Lone Tree Hill rises from a flat, coastal plain about 2,000 yards (1830 m) to the west of the main jetty in Maffin Bay. The hill was named for a single tree depicted on its crest by US maps; it was a coral formation, covered with dense tropical rain forest and undergrowth. It is about 175 ft (53 m) high, 1,200 yards (1095 m) long on its north/south axis and 1,000 yards (915 m) wide on its east/west axis. The northern side was characterised by a steep slope, and the eastern slope was fronted by a short, twisting stream known to the US force as the Snaky river.

On 14 June, Krueger, sent Sibert’s 6th Division to relieve the 158th RCT, and there followed about one month before combat was rejoined. In a period of 10 days. including three days of very severe fighting, the US formation took Lone Tree Hill. The final Japanese resistance in this area was not overcome until the beginning of September after the Japanese had lost another 3,870 men killed, including some trapped in caves, and the Americans 400 men killed and another 1,500 wounded and 15 missing in this vicious jungle fighting in the Trier mountains. With Lone Tree Hill in American possession, Maffin Bay became a major staging base for six subsequent battles at Biak ('Horlicks'), Noemfoor ('Cyclone'), Sansapor ('Globetrotter'), Leyte ('King II') and Luzon ('Mike').

Krueger sensibly decided to halt his offensive effort at this point, and Sarmi remained in Japanese hands until the end of the war.

On 31 May, two battalions of the 163rd Regimental Combat Team were pulled off Wakde island and rushed to Biak island, where the other elements of the 41st Division had landed four days earlier in 'Horlicks'. On 1 September the 123rd Regimental Combat Team of Major General Percy W. Clarkson’s 33rd Division relieved the last elements of the 41st Division and patrolled Wakde airfield and the Toem-Sarmi sector until 26 January 1945.

On 6 June 1944 the Japanese returned to Wakde, this time as the attackers.
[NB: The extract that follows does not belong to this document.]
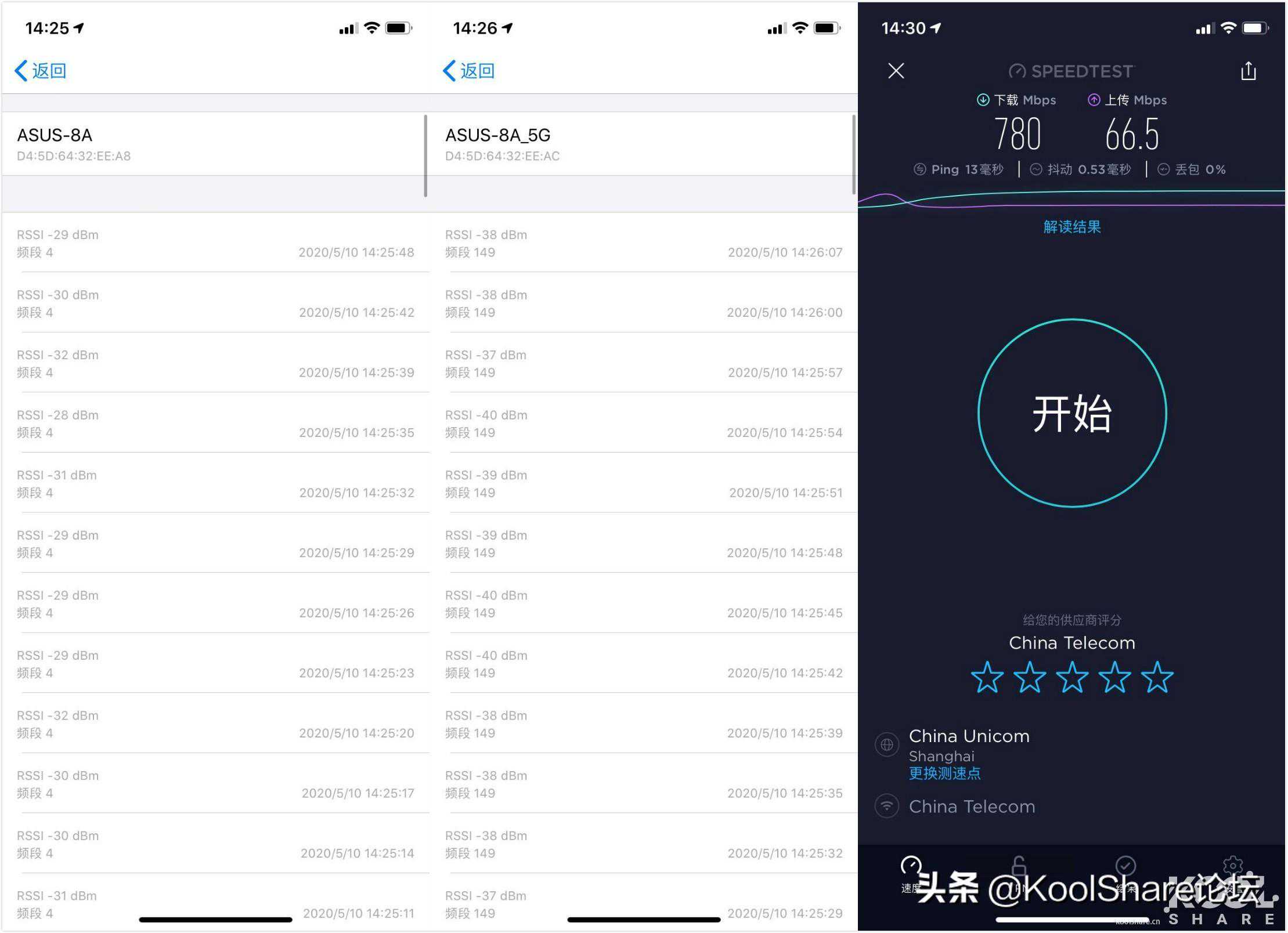 ▲3号位置处2.4G、5G信号强度以及Speedtest测试
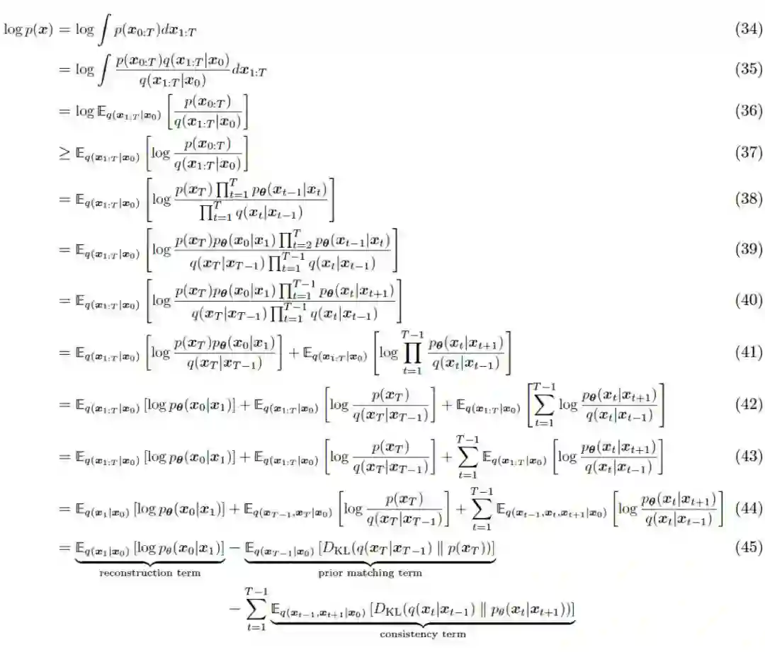 而在将上面的公式 25-28 里的 Zt 与 Xt 替换后,我们可以得到 VDM 里证据下界的推导公式里的前四行,即公式 34-37。并且在此基础上,我们可以继续往下推导。

Three Mitsubishi G4M 'Betty' bombers of the Japanese navy’s 732nd Kokutai took off from Wasile farther to the west on the night of 5/6 June, but only two of the aircraft attacked Wakde as the third had become separated during the adverse weather of that night. The two bombers which did succeed in finding Wakde located a break in the clouds which allowed them to sight the airfield and swoop down low on this target area. Each bomber took one side of the runway along which US aircraft were parked. Releasing their bombs in a string over the parked aircraft, the Japanese crews estimated they had destroyed dozens of US aircraft. Later reconnaissance photographs seemed to show 76 aircraft burned or damaged.

The fighting in 'Straightline' had been particularly severe, the Americans losing 646 dead and the Japanese some 3,899 dead, a ratio in favour of the Americans of 1/6, the lowest of the 'coast-hopping' campaign. It had by then been discovered that the area was unsuitable for heavy bombers (as was the Sentani airfield complex at Hollandia), so MacArthur moved boldly forward to Biak with the balance of the 41st Division even as part of that formation was still fighting its way forward to Sarmi.